--- STORED DATA Enclosed Below ---
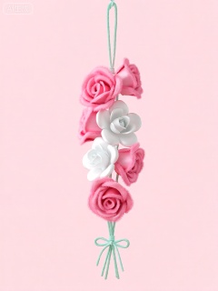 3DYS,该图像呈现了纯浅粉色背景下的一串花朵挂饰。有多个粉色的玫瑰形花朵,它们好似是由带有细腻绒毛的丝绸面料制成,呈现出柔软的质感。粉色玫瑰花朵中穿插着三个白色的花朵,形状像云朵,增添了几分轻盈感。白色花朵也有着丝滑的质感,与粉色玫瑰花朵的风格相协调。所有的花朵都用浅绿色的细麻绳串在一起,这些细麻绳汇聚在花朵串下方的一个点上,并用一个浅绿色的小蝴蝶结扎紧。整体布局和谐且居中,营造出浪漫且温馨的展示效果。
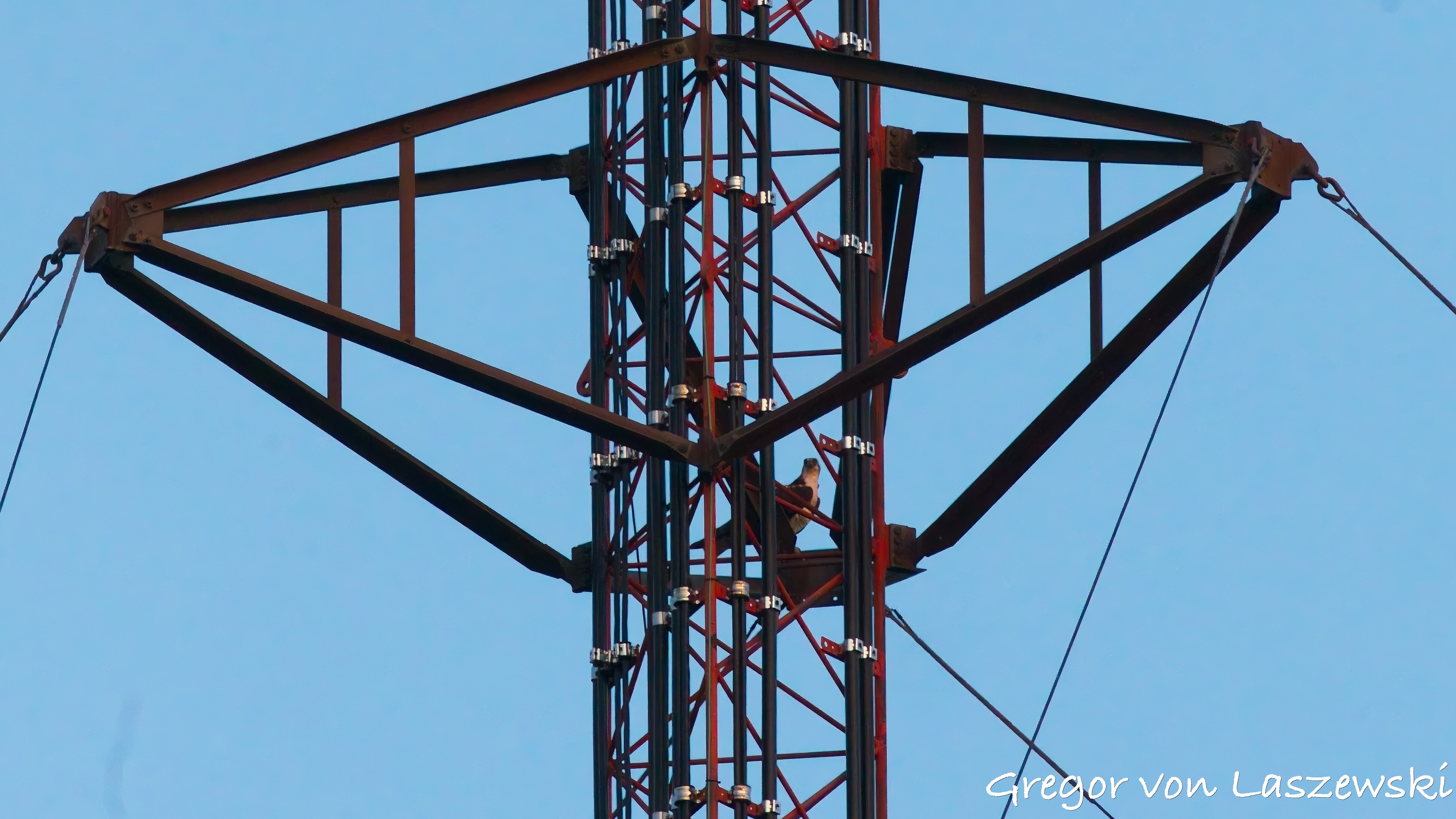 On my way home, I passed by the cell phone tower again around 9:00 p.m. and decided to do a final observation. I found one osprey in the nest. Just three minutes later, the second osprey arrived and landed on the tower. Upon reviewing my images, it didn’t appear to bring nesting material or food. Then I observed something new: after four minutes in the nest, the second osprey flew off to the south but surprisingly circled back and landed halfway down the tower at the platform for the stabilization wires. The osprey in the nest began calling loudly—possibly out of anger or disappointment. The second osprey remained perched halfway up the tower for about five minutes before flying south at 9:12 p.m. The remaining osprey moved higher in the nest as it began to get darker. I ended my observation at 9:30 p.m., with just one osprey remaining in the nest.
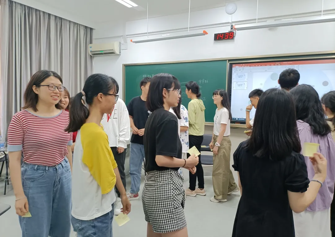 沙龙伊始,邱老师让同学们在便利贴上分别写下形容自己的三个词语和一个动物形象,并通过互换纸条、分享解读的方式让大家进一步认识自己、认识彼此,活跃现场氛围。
--- End of Enclosed STORED DATA ---
Reproduce the data above without a single change, please, but without its pictures.

 3DYS,该图像呈现了纯浅粉色背景下的一串花朵挂饰。有多个粉色的玫瑰形花朵,它们好似是由带有细腻绒毛的丝绸面料制成,呈现出柔软的质感。粉色玫瑰花朵中穿插着三个白色的花朵,形状像云朵,增添了几分轻盈感。白色花朵也有着丝滑的质感,与粉色玫瑰花朵的风格相协调。所有的花朵都用浅绿色的细麻绳串在一起,这些细麻绳汇聚在花朵串下方的一个点上,并用一个浅绿色的小蝴蝶结扎紧。整体布局和谐且居中,营造出浪漫且温馨的展示效果。
 On my way home, I passed by the cell phone tower again around 9:00 p.m. and decided to do a final observation. I found one osprey in the nest. Just three minutes later, the second osprey arrived and landed on the tower. Upon reviewing my images, it didn’t appear to bring nesting material or food. Then I observed something new: after four minutes in the nest, the second osprey flew off to the south but surprisingly circled back and landed halfway down the tower at the platform for the stabilization wires. The osprey in the nest began calling loudly—possibly out of anger or disappointment. The second osprey remained perched halfway up the tower for about five minutes before flying south at 9:12 p.m. The remaining osprey moved higher in the nest as it began to get darker. I ended my observation at 9:30 p.m., with just one osprey remaining in the nest.
 沙龙伊始,邱老师让同学们在便利贴上分别写下形容自己的三个词语和一个动物形象,并通过互换纸条、分享解读的方式让大家进一步认识自己、认识彼此,活跃现场氛围。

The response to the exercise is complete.